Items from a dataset
↓
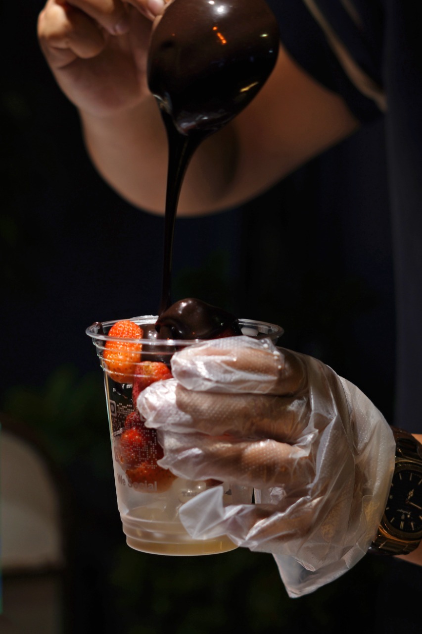 Quá trình chế biến được thực hiện trực tiếp tại chỗ, tạo nên sự tò mò và kích thích vị giác của thực khách. Từng ly dâu tây tươi được xếp gọn gàng, sau đó được rưới đều một ít sữa tươi và một lớp chocolate tan chảy đậm đà. Lớp chocolate này nhanh chóng đông lại khi gặp lạnh, tạo nên một lớp vỏ giòn tan khi cắn vào, để rồi vị ngọt ngào bùng nổ, hòa quyện với vị chua nhẹ tự nhiên của dâu tây.
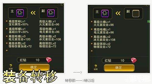 1.顾名思义,装备转移能够将副装备格子中装备的所有随机属性,覆盖掉主装备的所有随机属性。
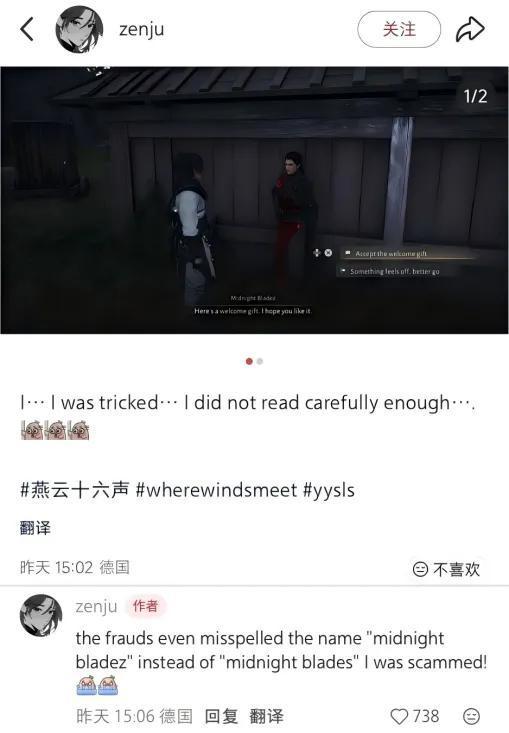 有位德国玩家开服第一天就被假扮成三更天人员的九流门弟子骗进了九流门,国人则留言安慰他说“第一天就体验到了核心玩法”……
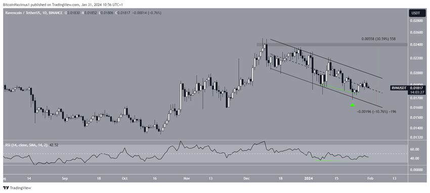 마지막으로 잘 알려지지 않은 알트코인은 2023년 12월부터 하강 병렬 채널 내에서 거래된RVN입니다. 이러한 채널에는 일반적으로 조정 움직임이 포함되며, 이는 결국 이 채널에서 벗어날 가능성이 가장 높다는 것을 의미합니다.
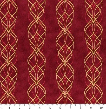 Hoffman California - Blooming Holidays - Ornate Wavy Stripes, Scarlet/Gold
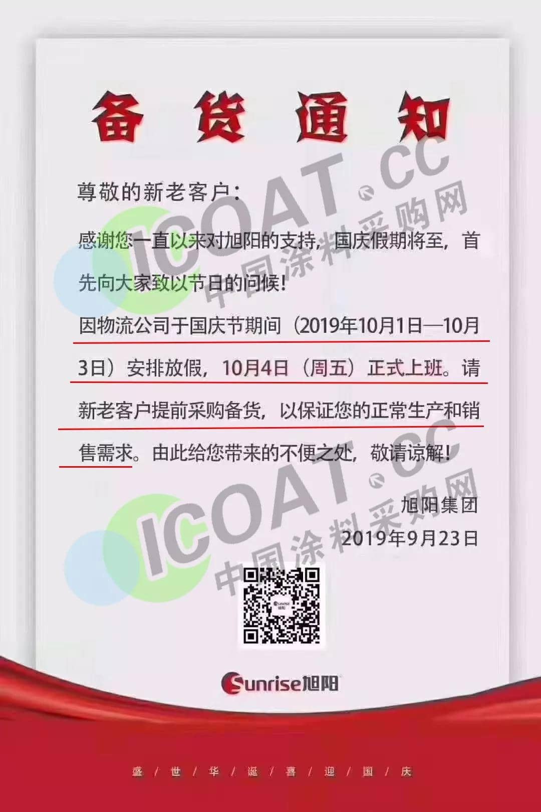 9月23日,旭陽集團發布通知稱,因物流公司于國慶節期間(10月1日-10月3日)安排放假,10月4日(周五)正式上班。請新老客戶提前采購備貨,以保證正常生產和銷售需求。
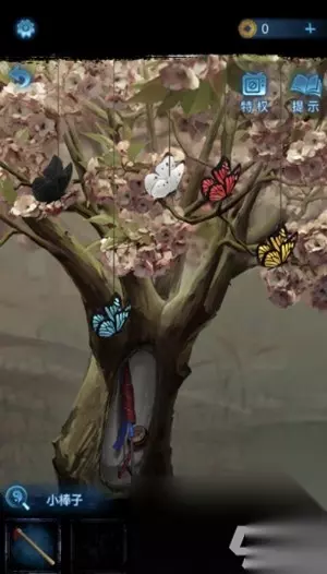 5、然后继续点击树下面的花丛,这样的话就可以获得一个纸伞了。继续点一个飞舞的蝴蝶,这样的话就可以获得玉蝴蝶。
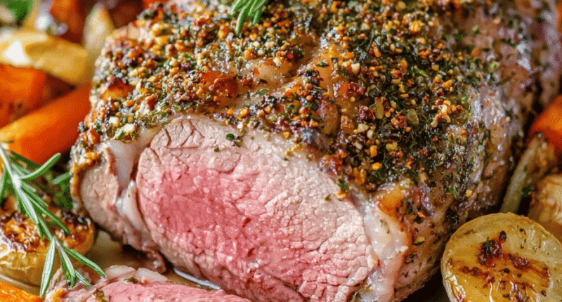 8. Slice the rested lamb into thin, tender pieces showing a rosy pink interior and a crisp, golden herb crust.
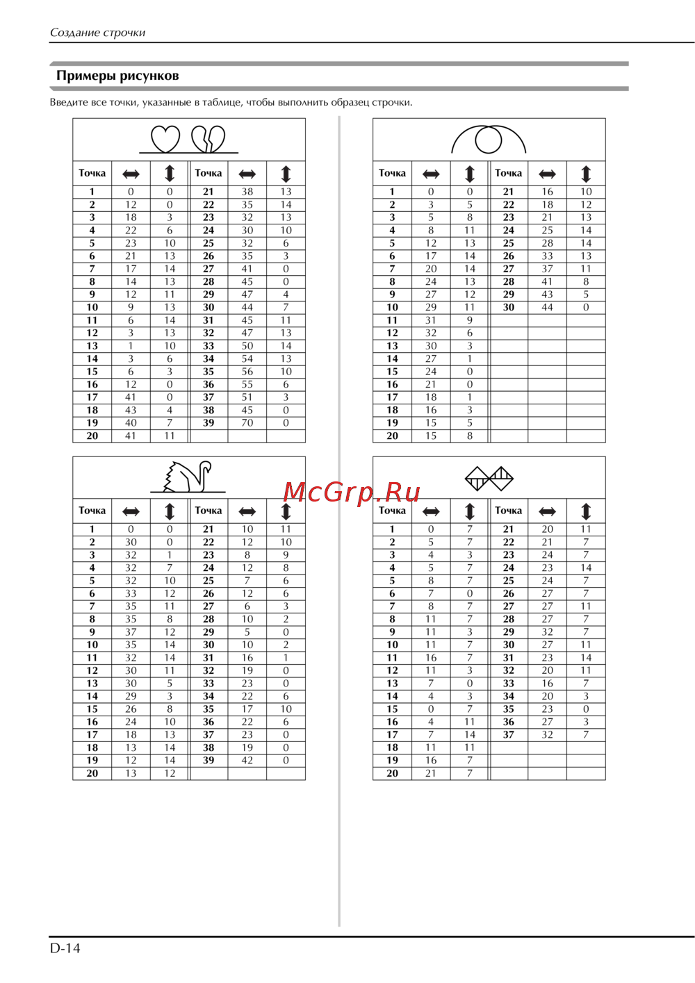 Введите все точки, указанные в таблице, чтобы выполнить образец строчки.
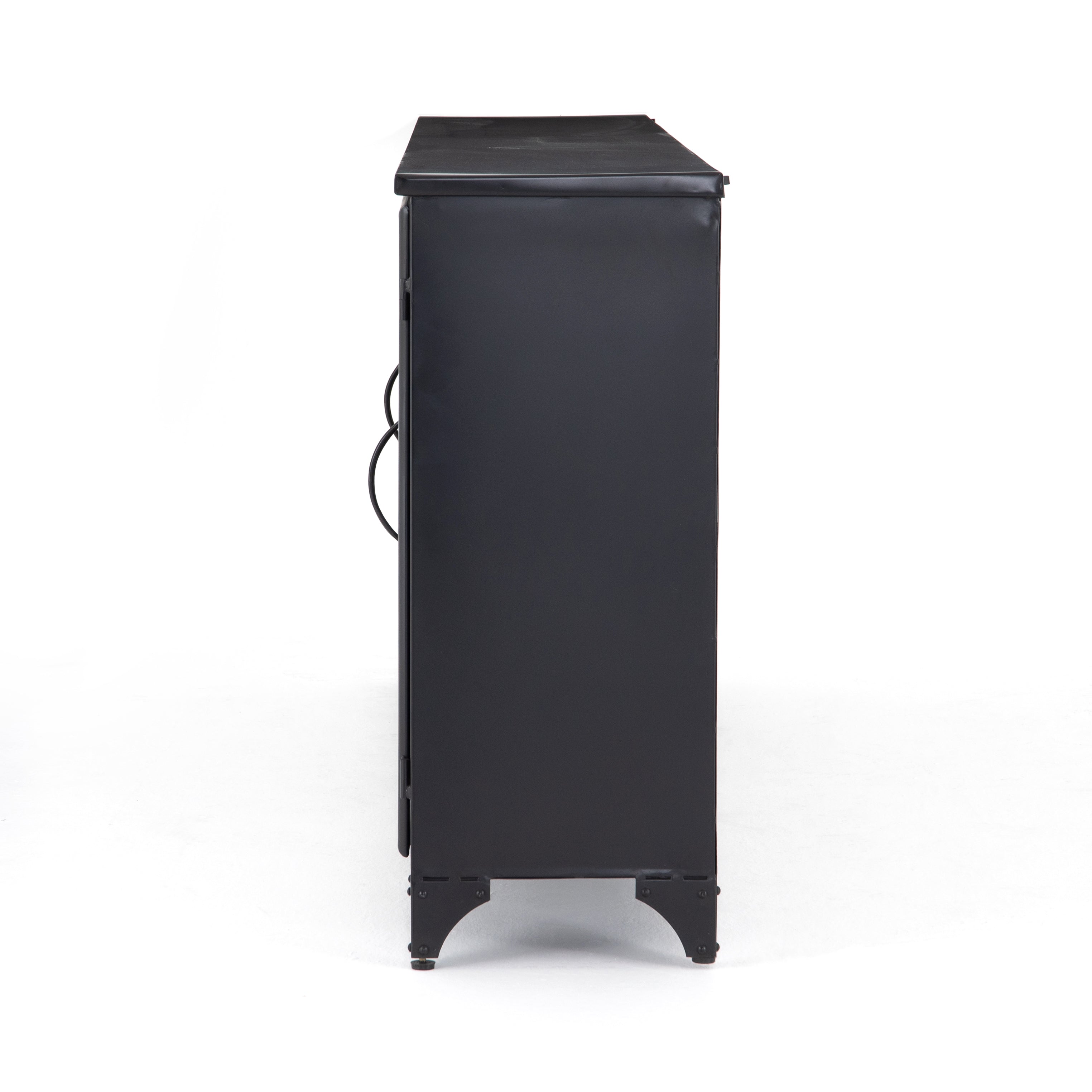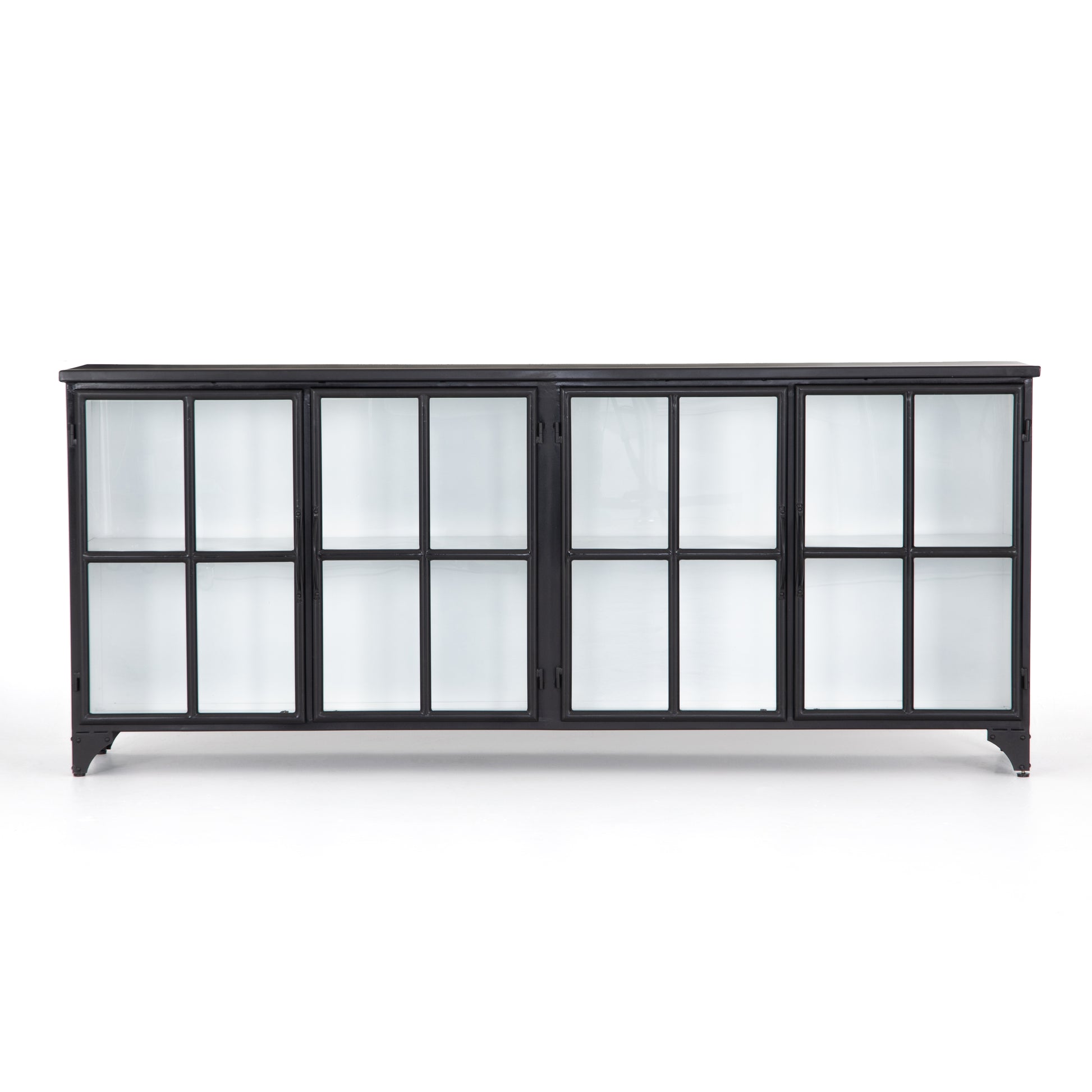Featuring Camila Sideboard by Four Hands at Amethyst Home. A black iron frame with windowpane detail contrasts a stark white interior for an updated take on the traditional media console. Open-front glass doors and ample shelving maximize storage and display options.
↑
▶ [Your objective] Repeat exactly the lines from the start of the entries down to the line with "마지막으로 잘 알려지지", keeping both ends but none of the pictures.

▶ [Written response]
 Quá trình chế biến được thực hiện trực tiếp tại chỗ, tạo nên sự tò mò và kích thích vị giác của thực khách. Từng ly dâu tây tươi được xếp gọn gàng, sau đó được rưới đều một ít sữa tươi và một lớp chocolate tan chảy đậm đà. Lớp chocolate này nhanh chóng đông lại khi gặp lạnh, tạo nên một lớp vỏ giòn tan khi cắn vào, để rồi vị ngọt ngào bùng nổ, hòa quyện với vị chua nhẹ tự nhiên của dâu tây.
 1.顾名思义,装备转移能够将副装备格子中装备的所有随机属性,覆盖掉主装备的所有随机属性。
 有位德国玩家开服第一天就被假扮成三更天人员的九流门弟子骗进了九流门,国人则留言安慰他说“第一天就体验到了核心玩法”……
 마지막으로 잘 알려지지 않은 알트코인은 2023년 12월부터 하강 병렬 채널 내에서 거래된RVN입니다. 이러한 채널에는 일반적으로 조정 움직임이 포함되며, 이는 결국 이 채널에서 벗어날 가능성이 가장 높다는 것을 의미합니다.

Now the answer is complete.